BACKGROUND: Laparoscopic colectomy is associated with less overall morbidity and improved survival for patients with colonic cancers. There are unfortunately limited clinical reports on laparoscopic abdominoperineal resection. We therefore designed this study to compare laparoscopic abdominoperineal resection with conventional open surgery, with emphasis on health-related issues from the patients' perspective in order to justify its role in the management of low rectal or anal canal tumours.

METHODS: We carried out a non-randomized, prospective comparative study on a cohort of patients who underwent either laparoscopic or open abdominoperineal resection between March 1994 and December 2003. Patient demographics, tumour characteristics, operative morbidity and mortality, as well as overall survival were considered. The standard endpoints of last follow-up date and deaths were used. Data was analyzed according to intention-to-treat principle.

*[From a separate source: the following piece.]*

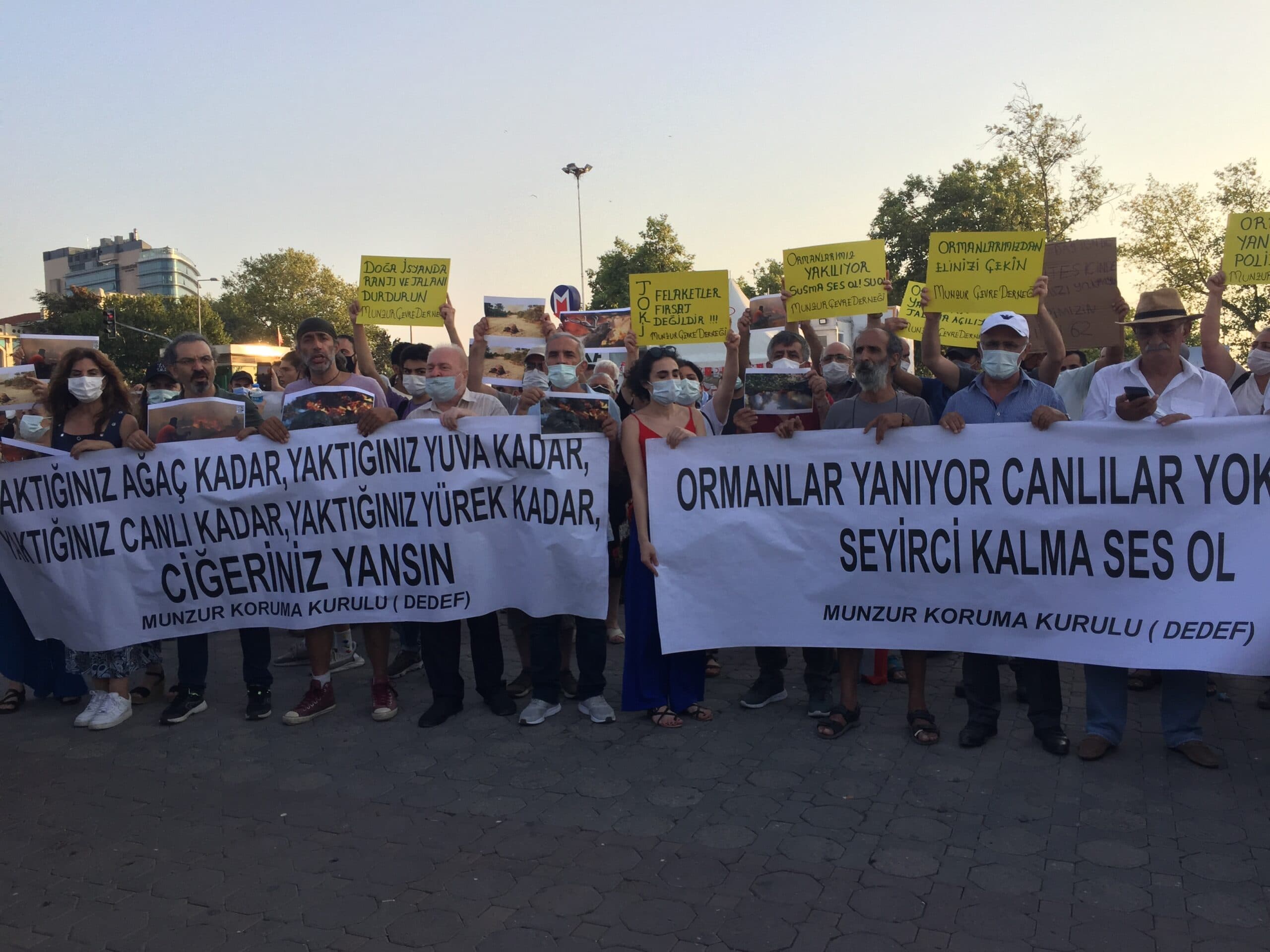 Dersim Dernekleri Federasyonu (DEDEF) Munzur Koruma Kurulu, Dersim’deki orman yangınlarına ilişkin Kadıköy’de bulunan Rıhtım Meydanı’nda bir araya gelerek basın açıklaması gerçekleştirdi. Açıklamada, “Ormanlar yanıyor, canlılar yok oluyor. Seyirci kalma ses ol” ve “Yaktığınız ağaç kadar, yaktığınız yuva kadar, yaktığınız canlı kadar, yaktığınız yürek kadar, ciğeriniz yansın” pankartları açılırken sık sık, “Dersim’den Marmaris’e yangınlara müdahale” ve “Ormanları söndürün yüreğimiz yanıyor” sloganları atıldı.

RESULTS: A total of 102 patients were recruited: 31 patients underwent conventional open abdominoperineal resection (OAPR) and 71 patients were treated laparoscopically. Patient demographics, median follow-up period, as well as tumour characteristics were similar between groups. The median operating time was similar among groups (145 min in laparoscopic group vs. 156 min in open group; p=0.62). Patients in the laparoscopic group had significantly less blood loss (p=0.01) and fewer requirements for blood transfusion (p=0.01). Despite similar overall morbidity, the laparoscopic group had a reduced incidence of abdominal wound infections (p=0.01) and chest infections (p=0.01). Overall survival was significantly better in the laparoscopic group (p=0.01).

CONCLUSIONS: Laparoscopic abdominoperineal resection confers definite health-related benefits the over open approach in terms of reduced septic complications and fewer requirements for blood transfusion. It should be considered the procedure of choice for patients with low rectal or anal canal tumour in whom sphincter excision proved inevitable.